# Work task:
Keep the pictures out. Copy every line of the listing exactly.

━━━ Raw data ━━━

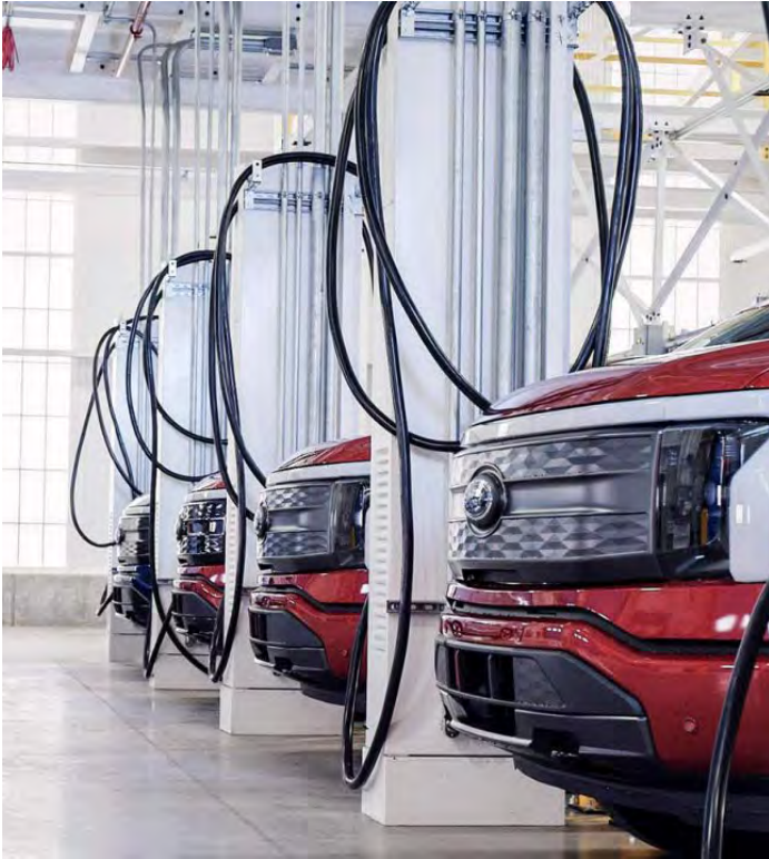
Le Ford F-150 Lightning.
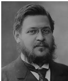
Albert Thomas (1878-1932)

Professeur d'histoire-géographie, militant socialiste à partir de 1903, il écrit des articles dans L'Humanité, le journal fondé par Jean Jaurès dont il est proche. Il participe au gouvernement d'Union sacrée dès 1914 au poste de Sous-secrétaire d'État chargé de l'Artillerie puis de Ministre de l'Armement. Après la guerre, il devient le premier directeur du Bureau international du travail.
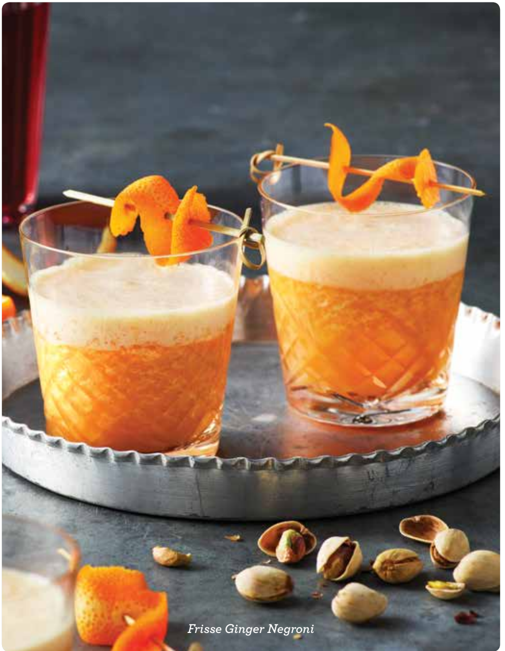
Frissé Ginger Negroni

━━━

# Completed task:
Le Ford F-150 Lightning.
Albert Thomas (1878-1932)

Professeur d'histoire-géographie, militant socialiste à partir de 1903, il écrit des articles dans L'Humanité, le journal fondé par Jean Jaurès dont il est proche. Il participe au gouvernement d'Union sacrée dès 1914 au poste de Sous-secrétaire d'État chargé de l'Artillerie puis de Ministre de l'Armement. Après la guerre, il devient le premier directeur du Bureau international du travail.
Frissé Ginger Negroni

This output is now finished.